Esta noite me sinto um tantinho menos
desamparado e reuni coragem para afirmar que mais uns meses – no máximo, alguns
anos -, seremos todos felizes.
Bem que gostaria de saber que estou um pouco
menos desesperançado que ontem mas, vocês todos sabem, não dou, nunca dei,
lhufas para o que deflagra – ou entorpece – meus sentimentos. Tudo que sei é
que sou movido por eles e isso me basta. Para a frente ou para trás, de manhã
ou depois do café da tarde que tomei a última vez com papai em 1969, nada disso
me interessa.
Há uns dias ando meio ressabiado com a cara sisuda
com que meu vira-lata Quico me olha às vezes. Não queria admitir – a mim mesmo,
ressalvo, aos outros nunca admito nada –, mas nessas vezes me dá meio que um
calafrio. O olhar dele se revela demasiada, extremamente intenso, como se me
censurasse... como se me condenasse... por existir! Não pode ser! me recrimino
em pensamento, refreando um sorriso íntimo, voltando o olhar para a minha amiga
mais íntima, a parede, me achando um pateta por deixar que um vira-lata me
intimide. Então tudo que não sei sobre mim mesmo e o pouco que sei de outros
homens e mulheres por meio da literatura me sobe ao cérebro (sobe ao cérebro?) como
se viesse me acudir e sinto o peito desofegar ruidoso em alívio e o terreno
desconhecido da humanidade vai lentamente reassumindo suas feições familiares. No
instante seguinte Quico escuta um cachorro latir algures na vizinhança e parte
em disparada, ladrando feroz mas disciplinadamente como se obedecesse a uma tábua
de mandamentos caninos. Arrematando o entrevero me ocorre lembrar duma definição
de Konstantinos Kaváfis: “os animais têm
sempre uma expressão séria”.
Mais uns meses, mais uns anos...
...mais umas conversas, umas reuniões,
uns entendimentos...
...seremos todos amigos.
Seremos todos inimigos.
Mais alguns instantes, alguns instantes
que nos tragam outros pensamentos e nos revelem outras realidades...
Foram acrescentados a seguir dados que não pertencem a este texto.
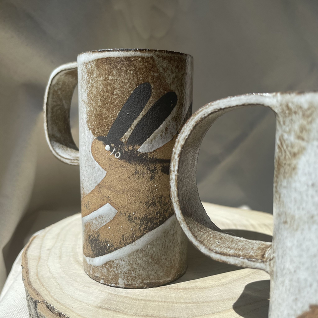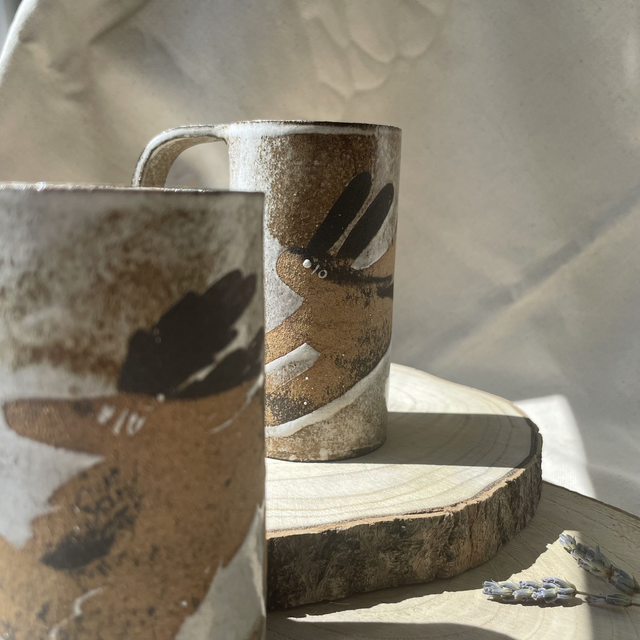 Tasse marbré pour le café ou le thé, en grés noir et roux

...e, se formos humildes o bastante para
enxergá-las...
...mas, você também sabe, esperar
humildade de nós mesmos depois que atravessamos uma vida inteira aprendendo a vestir
esta nossa intrincada máscara de autossuficiência, capacidade, diplomacia, inteligência,
sabedoria, perfeição, limpeza, maturidade...
Mais alguns instantes, compreenderemos as
sinfonias que se estenderem pelo céu da cidade assim que surgir a primeira luz
da manhã.
Talvez então, pela primeira vez em nossas
vidas, possamos aquilatar em sua plenitude o significado da palavra “humildade”.
E talvez então sejamos capazes de
aquilatar o significado da palavra “tolerância”.
E quem sabe um dia poderemos todos –
todos – aprender a rir do espetáculo em que os palhaços somos nós.